◆ Exercise input
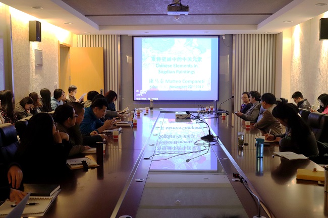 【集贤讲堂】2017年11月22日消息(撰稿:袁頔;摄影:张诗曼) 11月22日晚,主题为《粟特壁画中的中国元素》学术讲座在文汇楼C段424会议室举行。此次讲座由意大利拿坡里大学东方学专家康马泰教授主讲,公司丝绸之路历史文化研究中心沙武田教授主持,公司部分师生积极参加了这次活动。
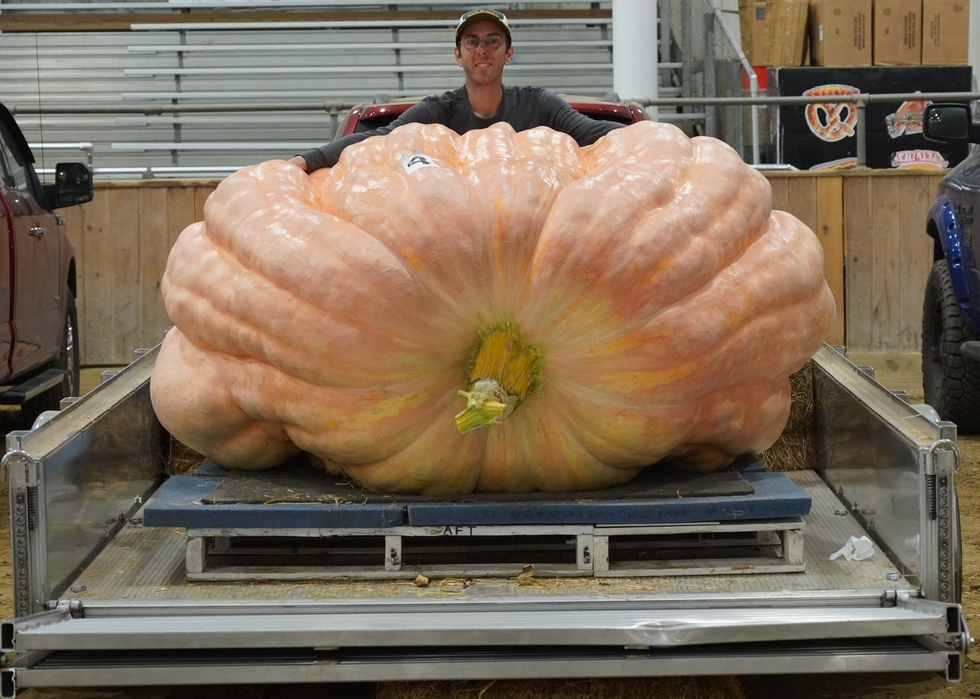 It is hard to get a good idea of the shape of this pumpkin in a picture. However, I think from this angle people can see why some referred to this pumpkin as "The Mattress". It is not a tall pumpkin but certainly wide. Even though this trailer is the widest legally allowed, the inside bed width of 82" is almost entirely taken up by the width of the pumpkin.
==
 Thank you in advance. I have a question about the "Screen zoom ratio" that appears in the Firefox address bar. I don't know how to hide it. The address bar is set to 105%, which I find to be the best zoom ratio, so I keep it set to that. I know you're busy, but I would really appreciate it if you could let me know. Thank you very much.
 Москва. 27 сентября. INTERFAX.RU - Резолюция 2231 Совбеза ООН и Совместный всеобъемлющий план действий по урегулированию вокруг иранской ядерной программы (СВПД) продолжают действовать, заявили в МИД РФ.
==
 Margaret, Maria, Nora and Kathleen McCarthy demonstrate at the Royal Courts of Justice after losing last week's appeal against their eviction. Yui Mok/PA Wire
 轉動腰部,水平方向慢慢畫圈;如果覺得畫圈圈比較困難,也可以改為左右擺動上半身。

◆ Task brief
Give back, unchanged, the run of lines in the listing above that begins at the line containing "Thank you in" and ends at the line containing "Москва. 27 сентября.", both included.

◆ Exercise answer
 Thank you in advance. I have a question about the "Screen zoom ratio" that appears in the Firefox address bar. I don't know how to hide it. The address bar is set to 105%, which I find to be the best zoom ratio, so I keep it set to that. I know you're busy, but I would really appreciate it if you could let me know. Thank you very much.
 Москва. 27 сентября. INTERFAX.RU - Резолюция 2231 Совбеза ООН и Совместный всеобъемлющий план действий по урегулированию вокруг иранской ядерной программы (СВПД) продолжают действовать, заявили в МИД РФ.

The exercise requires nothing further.